Partial liquid ventilation (PLV) is a means of ventilatory support in which gas ventilation is carried out in a lung partially filled with a perfluorocarbon liquid capable of supporting gas exchange. Recently, this technique has been proposed as an adjunctive therapy for cardiac arrest, during which PLV with cold perfluorocarbons might rapidly cool the intrathoracic contents and promote cerebral protective hypothermia while not interfering with gas exchange. A concern during such therapy will be the effect of PLV on pulmonary hemodynamics during very low blood flow conditions. In the current study, segmental (i.e. precapillary, capillary, and postcapillary) hemodynamics were studied in the rat lung using a standard isolated lung perfusion system at a flow rate of 6 ml/min (∼5% normal cardiac output). Lungs received either gas ventilation or 5 or 10 ml/kg PLV. Segmental pressures and vascular resistances were determined, as was transcapillary fluid flux.
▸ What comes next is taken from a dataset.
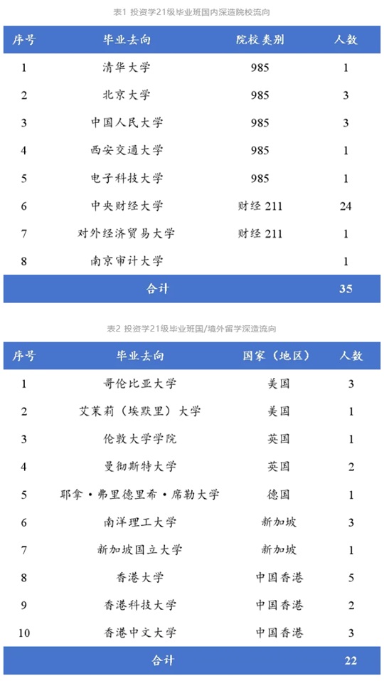 四度春秋磨礪,收獲累累碩果。中央財(cái)經(jīng)大學(xué)投資學(xué)專業(yè)2021級(jí)畢業(yè)班同學(xué)們銳意進(jìn)取、奮力拼搏,學(xué)習(xí)于課堂之上,鍛煉于實(shí)踐之間,積極擁抱數(shù)字創(chuàng)新、交叉融合的時(shí)代浪潮,踴躍踐行經(jīng)世濟(jì)民、財(cái)菁強(qiáng)國(guó)的青年使命,以優(yōu)異的成績(jī)與全面的成長(zhǎng),交出又一份畢業(yè)季亮眼答卷。截止目前,已有35位同學(xué)確定國(guó)內(nèi)升學(xué)深造,22位同學(xué)確定國(guó)/境外留學(xué)深造,畢業(yè)深造率為73.08%。國(guó)內(nèi)深造高校涵蓋了包括清華大學(xué)、北京大學(xué)、中國(guó)人民大學(xué)、西安交通大學(xué)、電子科技大學(xué)、中央財(cái)經(jīng)大學(xué)、對(duì)外經(jīng)濟(jì)貿(mào)易大學(xué)在內(nèi)的國(guó)內(nèi)知名高校(見(jiàn)表1);國(guó)/境外留學(xué)高校涵蓋了包括哥倫比亞大學(xué)、曼徹斯特大學(xué)、新加坡國(guó)立大學(xué)、南洋理工大學(xué)等在內(nèi)的國(guó)際知名高校(見(jiàn)表2)。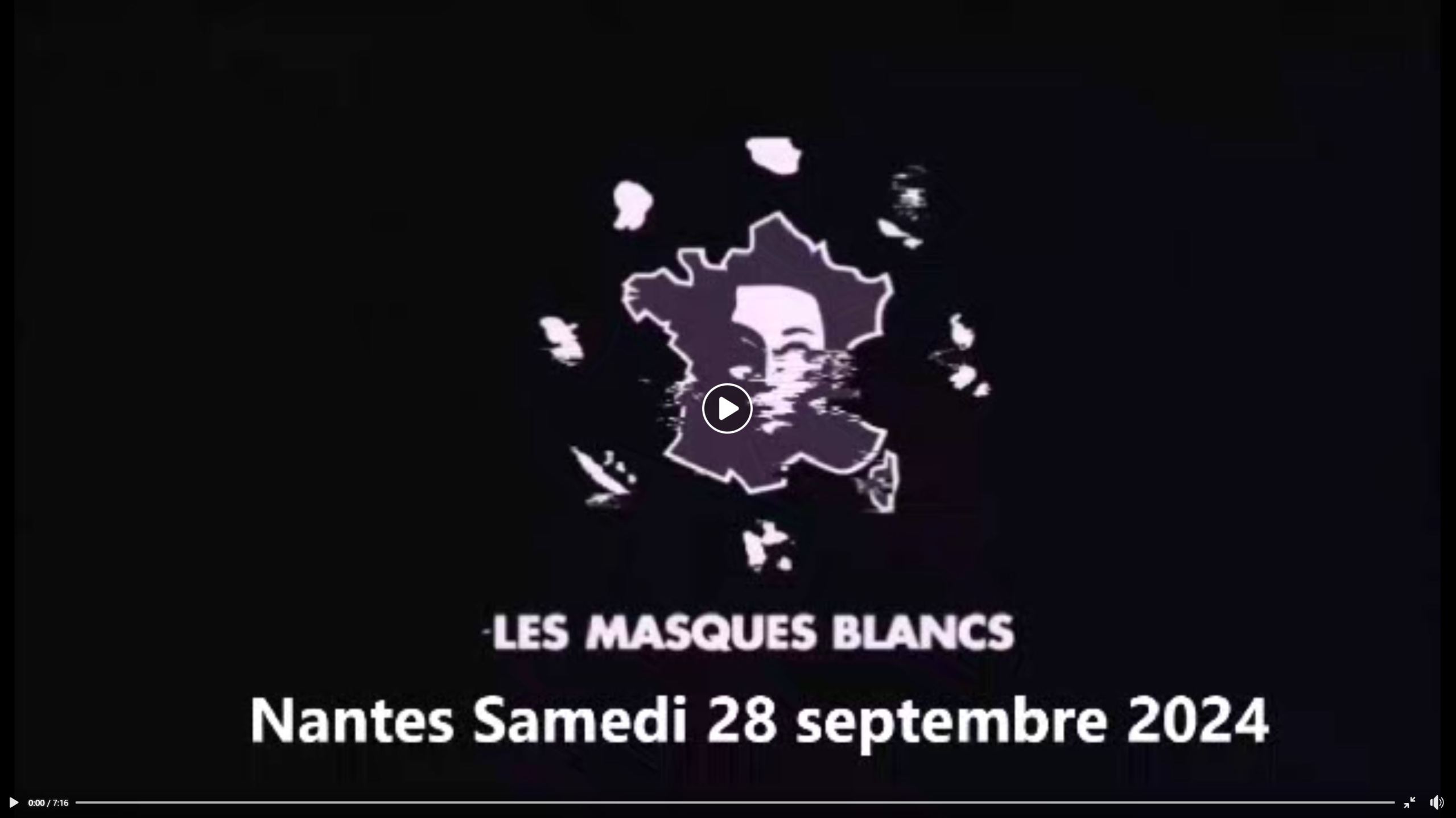 Cliquer sur l'affiche pour vous mettre en lien avec la vidéo des Masques Blancs pour une manifestation à Nantes en juillet 2023.

The relationship between individual hemodynamic parameters and PLV dose was examined using linear regression, with n=5 in each study group. PLV at both the 5 and 10 ml/kg dose produced no detectable changes in pulmonary blood flow or in transcapillary fluid flux (all R2 values < 0.20). Conclusion: In an isolated perfused lung model of low flow conditions, normal segmental hemodynamic behavior was preserved during liquid ventilation. These data support further investigation of this technique as an adjunct to cardiopulmonary resuscitation.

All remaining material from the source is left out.